# Timing Guide procedure



## little240boy (Jan 13, 2004)

after getting an estimate today from the dealership that changing the timing chain, guides, tensioner and neccesary rings is going to be between 700-800 ballpark, with parts i thought that was retarded to pay that much in labour i thought i should check with your guy's opinion. In canada parts are a little more of course then the US, just to compare. however still thats like 300-400 worth of parts. they said it would probably take the whole day for them to do it. so i bought a FSM and took a look. i'm pretty new to fixing anything on a car, an engine noob if you will. bunch of things to ask:

1)are there any special tools that i'll need other then sockets,torque wrench, and screwdrivers?

2)does the distributor fit in only one way or do you have to line it up somewhere?

3)approx. how long would it take a knowledgable mechanic to do this?

4)what do i need to all take off to get to the front cover?

5)ANYONE who has does this and/or can lend me some tips on what i'm getting myself into would be really appreciated.

Cheers,

Matt


----------



## joerc240sx (Jan 19, 2003)

Well you started in the right place by buying the FSM. Next for us to properly help you we need alittle more info about your 240. do you have a 89-90, 91-94, or 95-98? as all these will have some difrences (more so then others). 

I have done the timing chain on my 90, 240 2 times now. if i had the parts and tools when i started i could get it done in a day.

Tools that are needed off the top of my head
Sockets and wrenchs
10mm
12mm
14mm
19mm (belive the cam bolt size)
24mm (belive is the crank bolt size)

Dampner/Pulley Puller

Torque wrench
phillips and flat head screwdrives
timing light
rubber malet

Basic steps to geting started

Start by draining the engine and radiator
remove the intake piping (if you have the stock box still, discont piping from maf)
remove fan cover, and then fan
you should be able to remove the radiator now with the hoses still atached.
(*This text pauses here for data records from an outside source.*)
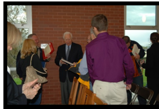
Author David McCullough signs books after his address at RMU. Honors students studied McCullough's work in preparation for his visit to campus.

"Becoming a member of the Honors Program was one of the best decisions I made when enrolling at Robert Morris University. The program truly set the course for my academic career and allowed me to learn and grow in an academic organization with students just like myself. The smaller class sizes allowed us to interact on a one-on-one basis with dedicated professors. In preparing the thesis, I realized an interest in advancing my career in research. I went on to pursue a master's degree in Library and Information Science from the University of Pittsburgh and am currently working as a Librarian at the Library of Congress."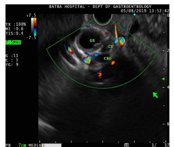
Figure (3): by EUS, view of GB, Cystic duct and CBD.

Post operative assessment: There is no postoperative complication in the form of obstructive jaundice (missed CBD stone) or iatrogenic biliary injury (bile leakage).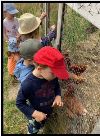
Checking our Nursery chickens.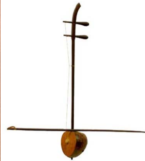
Fig. 12 Dan Gao Truong Ngoc Thang Traditional Musical Instrument of Viet Ethnic Group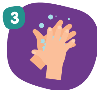
Rub hands palm to palm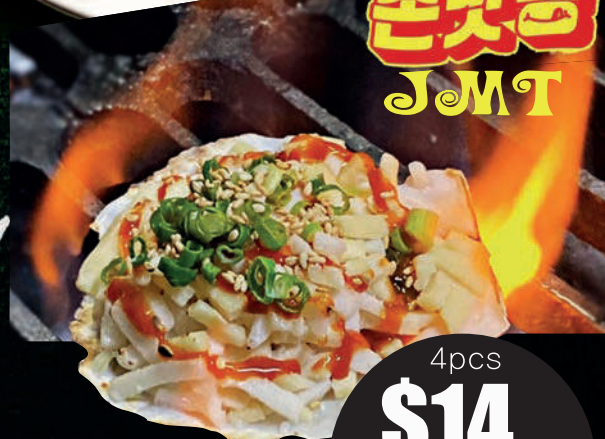
O.BBa Grilled Cheese Scallop 치즈 가리비 구이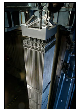
Figure 12: Nuclear Fuel Assembly

2. PPT 21 "Denatured" nuclear materials, e.g., low enriched uranium and natural uranium: These materials cannot be used to make bombs unless they were "enriched" with gaseous diffusion enrichment plants. These plants, though, would take at least a year to build and would take nearly an additional year of operation to produce their first gram of weapons-grade uranium. As a practical matter, these plants, their operation, and their construction could not be hidden. So while uranium mining and enrichment were dangerous activities, uranium and low enriched uranium themselves were considered to be safe materials.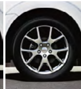
19-inch Satin Silver aluminum (standard on Crew; optional on SXT)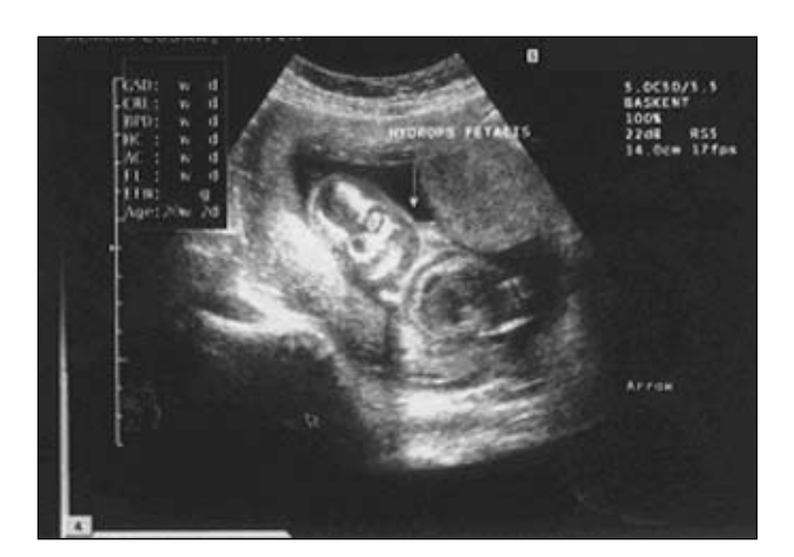
Figure 2. Ultrasound appearance of hydrops fetalis.

Osteogenesis imperfecta is a genetically heterogeneous group of disorders presenting as fragility of bones, loose joints, blue sclerae, and growth deficiency. A dominant negative mutation affecting COL1A1 or COL1A2 alleles, which encode the proa1 (I) and proa2 (I) chains of type-I collagen (a protein of paramount importance for normal skin and bone development) is the main underlying defect. There are 4 types. Osteogenesis imperfecta type I does not present prenatal deformities, and the diagnosis is made after birth. It is an autosomal dominant condition. Osteogenesis imperfecta type II is the most severe form with a birth prevalence of 1 in 60 000, which usually appears as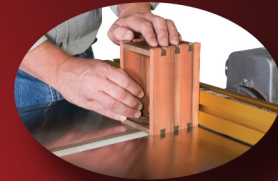
DOVETAILS & OTHER JOINERY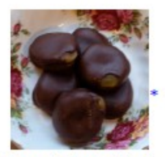
Chocolate Apricots for those who like their chocolate a little less rich (6 good-size dried apricots for $3)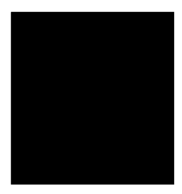
26th September 2023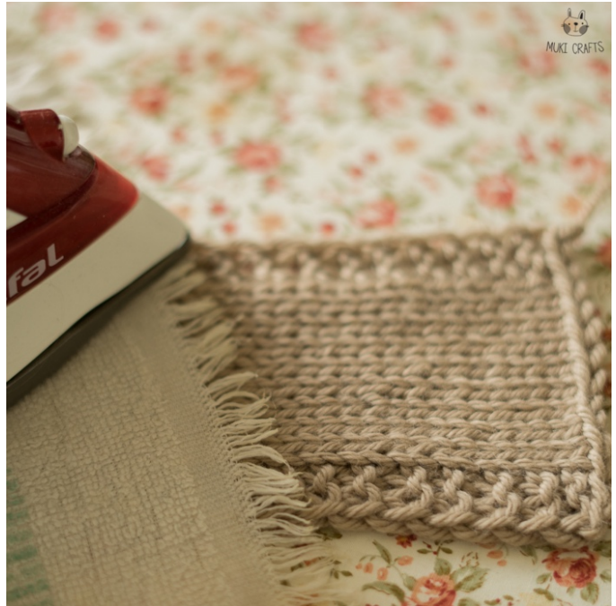
2. Pressing the headband under a wet cloth

Sew the cast on row to the bind off row, weave in all ends. Decorate the headband with two pom-poms with a diameter of about 1,5" (3 cm).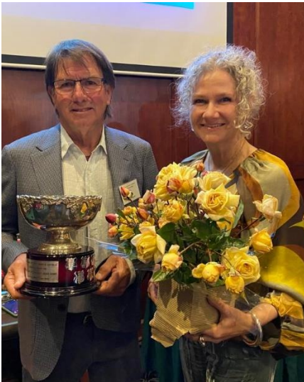
Australian Bred Rose Award 2023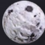
Cookies 'N' Cream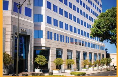
Waterfront Campus San Pedro – Los Angeles County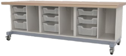
2 - 3 STUDENT DESK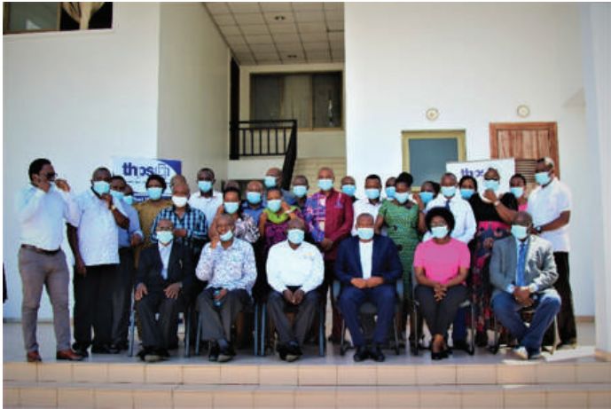
Health authorities from Tanzania Police Force medical Unit Dar es Salaam meeting

On December 8th 2020, THPS through support from USAID/Presidents Emergency Plan for AIDS Relief (PEPFAR) conducted USAID Police and Prisons Activity's introductory meetings to officials from Police Medical Unit (PMU) in Dar es Salaam; and Tanzania Prisons Health and Nutrition Unit on December 17th 2020 in Dodoma City. In both meetings, the Year 1 Activity Implementation plan was jointly reviewed with the Police and Prisons health authorities that included their zonal representatives.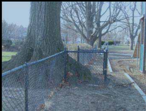
Chain link fence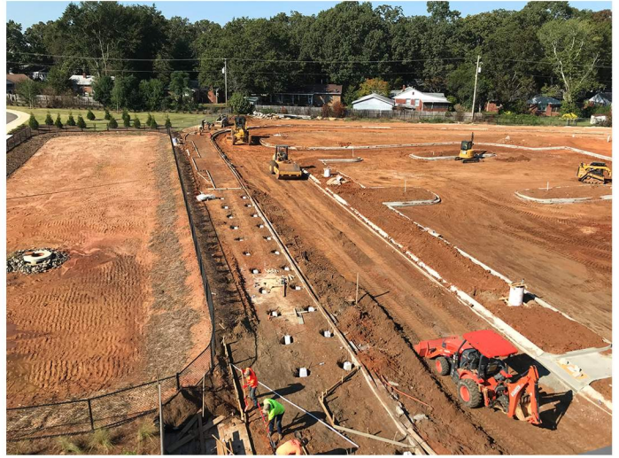
Exterior progress photo. Canopy installation is in progress.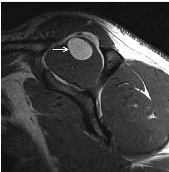
Fig. 2. Sagittal Oblique T1 weighted image demonstrates the fat signal mass within the supraspinatus muscle belly (arrow).

formed to further evaluate the patient's shoulder and assess for rotator cuff tears not evident on the ultrasound. The MRI identified a 35 \times 17 \times 18 mm ovoid intramuscular mass lesion within the superior aspect of the supraspinatus muscle (Fig. 1). The lesion followed fat signal on all sequences including fat saturated sequences and did not contain any thick septations or nodular components, consistent with a benign intramuscular lipoma (Fig. 2). Co-existing pathology demonstrated on the MRI included a small intrasubstance delamination tear of the infraspinatus tendon and moderate acromioclavicular joint degeneration with an inferior acromioclavicular joint osteophyte causing mild impingement on the supraspinatus.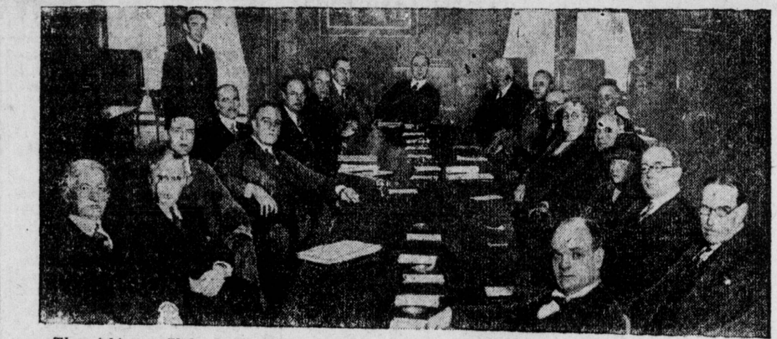
The pickings will be fertile for the new cabinet of New York, appointed by Tammany Governor Roosevelt of New York. The cabinet is shown with Roosevelt in above photo.

The convention of labor unions in session are demanding remedial action to enforce protective legislation and there is a united front of labor generally to this end.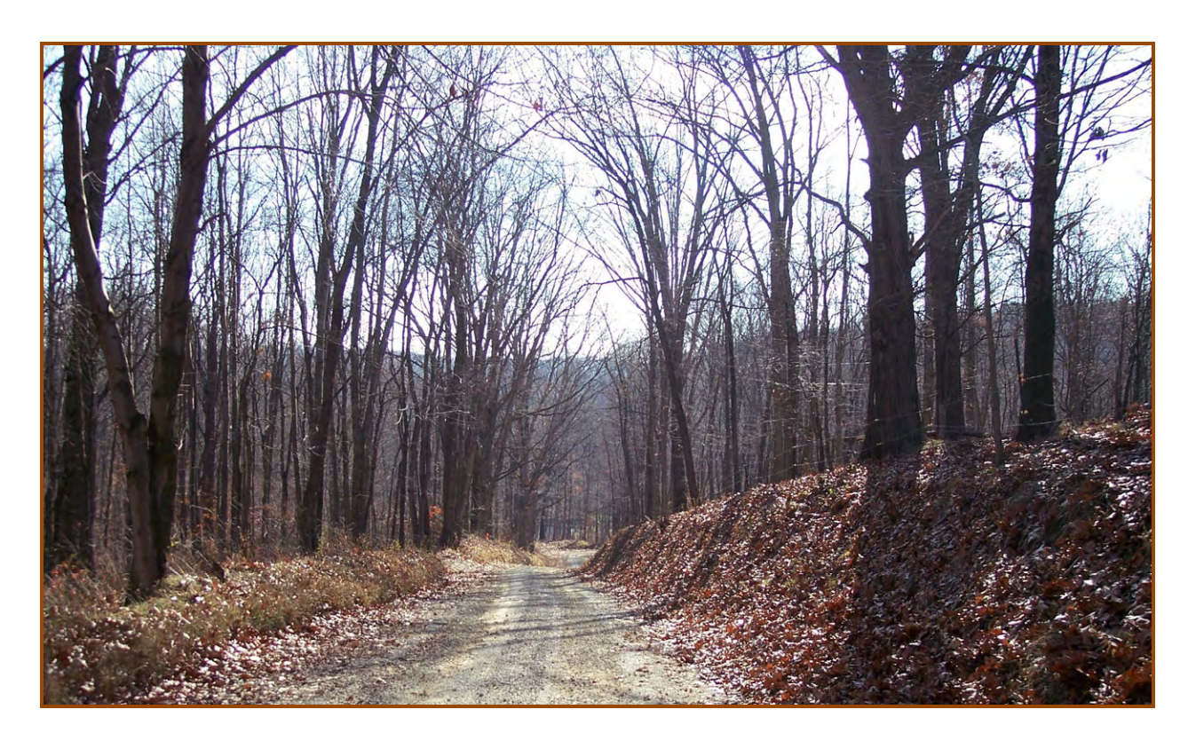
Figure 3. Ocean Road, used by retreating Confederates during the battle of Salineville , Columbiana County, Ohio. Photograph by Joseph E. Brent, 2005.

While other organizations with more general historical interests may also play important roles in battlefield preservation, the Buffington Island Battlefield Preservation Foundation is the only known local organization in Ohio dedicated solely to the goals of battlefield preservation, interpretation, and promotion.

at this point you should have alot more room to work with just follow the FSM from there.

also putting the bolts and little parts into zip lock bags and lableing them helps alot later when your putting stuff back together. i have bags full of left over bolts and parts because i didnt do this the frist time.


----------



## little240boy (Jan 13, 2004)

thanks joe for your help. about how much is a pulley puller and a timing light(may be able to borrow these)? how do both these tools work? what do you need the rubber mallot for? i'm still curious about the distributor or do you not need to take it out? in the manual it says you have to take off the oil pump, water pump and the oil pan. is this stuff necessary? oh and its an 89. also, i'm think i'm going to order this timing kit from courtesy nissan but i don't know when my production date was. oh and thanks for the tip with all the screws, i was wondering how the hell i was gonna keep track?!!


----------



## joerc240sx (Jan 19, 2003)

Just about any odd tool you should be able to rent/barow them at most large auto parts stores. Rubber mallot is to help remove the front cover.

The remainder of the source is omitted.